Excerpted records
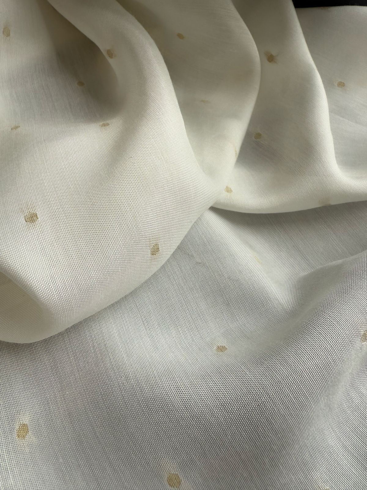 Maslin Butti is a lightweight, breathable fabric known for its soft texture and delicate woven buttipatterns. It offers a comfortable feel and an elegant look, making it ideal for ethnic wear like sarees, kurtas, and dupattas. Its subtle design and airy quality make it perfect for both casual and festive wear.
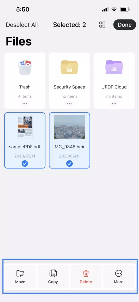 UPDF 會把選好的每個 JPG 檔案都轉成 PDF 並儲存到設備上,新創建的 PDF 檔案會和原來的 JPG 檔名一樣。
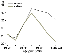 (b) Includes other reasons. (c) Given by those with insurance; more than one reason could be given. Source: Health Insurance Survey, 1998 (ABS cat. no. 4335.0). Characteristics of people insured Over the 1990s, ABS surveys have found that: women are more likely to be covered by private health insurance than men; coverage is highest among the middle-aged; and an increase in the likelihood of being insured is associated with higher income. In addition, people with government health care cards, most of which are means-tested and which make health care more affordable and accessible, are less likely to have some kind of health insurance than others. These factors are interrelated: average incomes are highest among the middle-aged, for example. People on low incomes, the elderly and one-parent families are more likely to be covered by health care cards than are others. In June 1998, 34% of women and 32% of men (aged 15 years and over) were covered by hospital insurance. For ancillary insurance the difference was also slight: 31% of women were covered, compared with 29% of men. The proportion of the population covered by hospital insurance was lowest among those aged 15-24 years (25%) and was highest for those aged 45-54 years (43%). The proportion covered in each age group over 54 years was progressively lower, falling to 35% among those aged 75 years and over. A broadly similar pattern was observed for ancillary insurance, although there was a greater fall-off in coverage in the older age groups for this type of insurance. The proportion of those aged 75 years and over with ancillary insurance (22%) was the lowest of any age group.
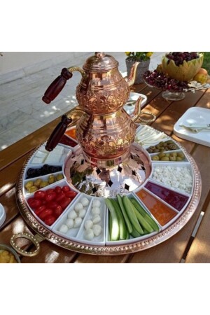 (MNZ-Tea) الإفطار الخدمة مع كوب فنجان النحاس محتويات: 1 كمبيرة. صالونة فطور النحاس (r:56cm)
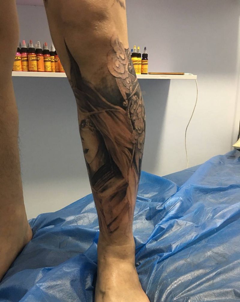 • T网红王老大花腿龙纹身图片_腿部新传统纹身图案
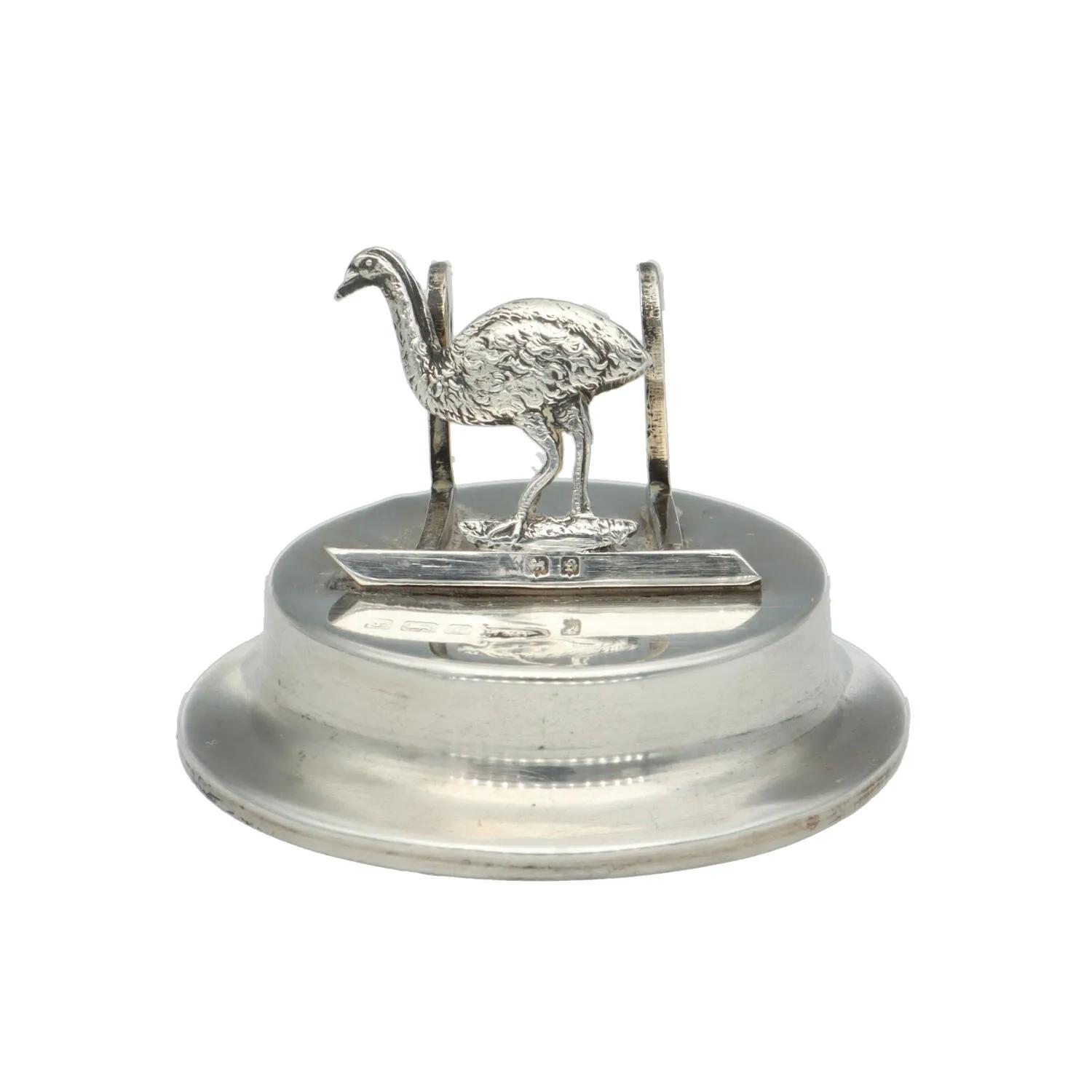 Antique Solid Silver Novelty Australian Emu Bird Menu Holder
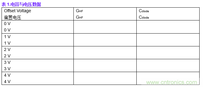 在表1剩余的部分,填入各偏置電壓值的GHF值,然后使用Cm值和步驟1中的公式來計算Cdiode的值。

==

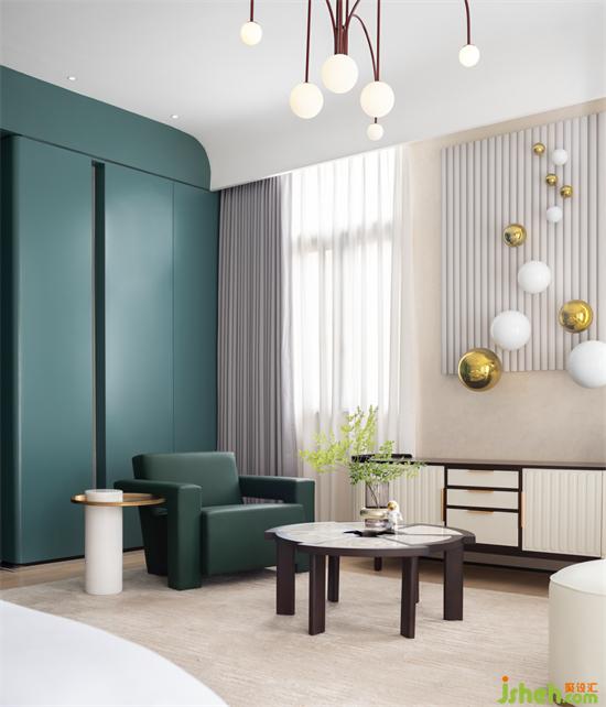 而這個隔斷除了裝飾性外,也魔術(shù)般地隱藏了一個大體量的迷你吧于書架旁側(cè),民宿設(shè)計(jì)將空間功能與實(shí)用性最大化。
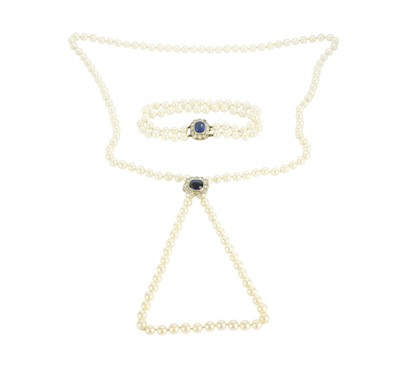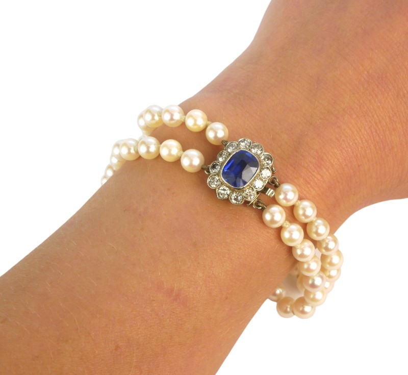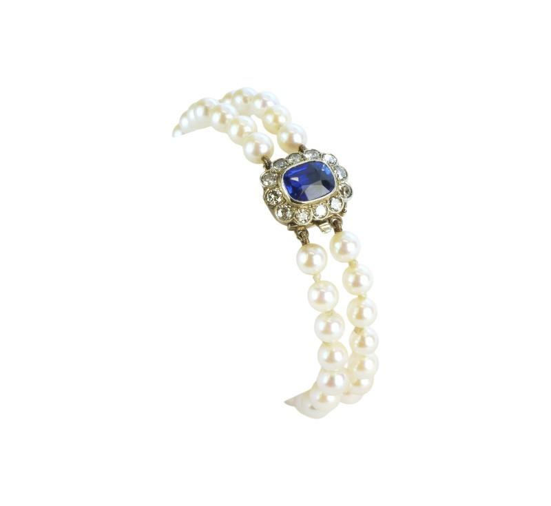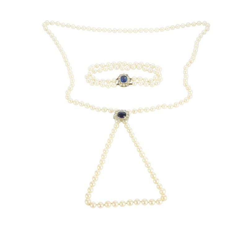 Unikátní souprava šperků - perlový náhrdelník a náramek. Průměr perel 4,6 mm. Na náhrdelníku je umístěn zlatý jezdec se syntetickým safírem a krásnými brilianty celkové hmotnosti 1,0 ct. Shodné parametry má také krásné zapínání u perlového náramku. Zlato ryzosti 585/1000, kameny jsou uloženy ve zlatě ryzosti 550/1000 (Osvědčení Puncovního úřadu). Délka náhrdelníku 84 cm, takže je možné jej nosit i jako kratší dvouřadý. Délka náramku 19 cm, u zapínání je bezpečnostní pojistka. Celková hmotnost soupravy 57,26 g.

==

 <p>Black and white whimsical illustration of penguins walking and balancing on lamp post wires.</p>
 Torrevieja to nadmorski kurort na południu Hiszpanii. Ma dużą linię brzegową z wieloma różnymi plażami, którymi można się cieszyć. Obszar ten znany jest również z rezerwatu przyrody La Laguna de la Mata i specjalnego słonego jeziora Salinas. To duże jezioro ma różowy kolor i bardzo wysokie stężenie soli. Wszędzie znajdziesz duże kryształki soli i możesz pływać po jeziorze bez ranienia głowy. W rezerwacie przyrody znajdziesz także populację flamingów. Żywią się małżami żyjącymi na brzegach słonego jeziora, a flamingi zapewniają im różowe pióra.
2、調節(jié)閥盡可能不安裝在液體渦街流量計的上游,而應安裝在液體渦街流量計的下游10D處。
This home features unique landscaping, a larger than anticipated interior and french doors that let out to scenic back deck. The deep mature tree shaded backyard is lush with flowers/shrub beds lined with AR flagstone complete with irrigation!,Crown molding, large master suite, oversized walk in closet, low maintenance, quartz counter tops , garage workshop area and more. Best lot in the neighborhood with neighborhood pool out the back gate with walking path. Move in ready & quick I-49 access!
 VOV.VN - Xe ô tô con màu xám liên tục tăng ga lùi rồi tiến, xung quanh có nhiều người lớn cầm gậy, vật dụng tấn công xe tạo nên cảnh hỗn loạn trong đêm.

Task to carry out
Nothing but the lines from the one containing "而這個隔斷除了裝飾性外,也魔" through the one containing "Unikátní souprava šperků" should appear, copied exactly from the material above and without pictures.

Reply to the task
 而這個隔斷除了裝飾性外,也魔術(shù)般地隱藏了一個大體量的迷你吧于書架旁側(cè),民宿設(shè)計(jì)將空間功能與實(shí)用性最大化。
 Unikátní souprava šperků - perlový náhrdelník a náramek. Průměr perel 4,6 mm. Na náhrdelníku je umístěn zlatý jezdec se syntetickým safírem a krásnými brilianty celkové hmotnosti 1,0 ct. Shodné parametry má také krásné zapínání u perlového náramku. Zlato ryzosti 585/1000, kameny jsou uloženy ve zlatě ryzosti 550/1000 (Osvědčení Puncovního úřadu). Délka náhrdelníku 84 cm, takže je možné jej nosit i jako kratší dvouřadý. Délka náramku 19 cm, u zapínání je bezpečnostní pojistka. Celková hmotnost soupravy 57,26 g.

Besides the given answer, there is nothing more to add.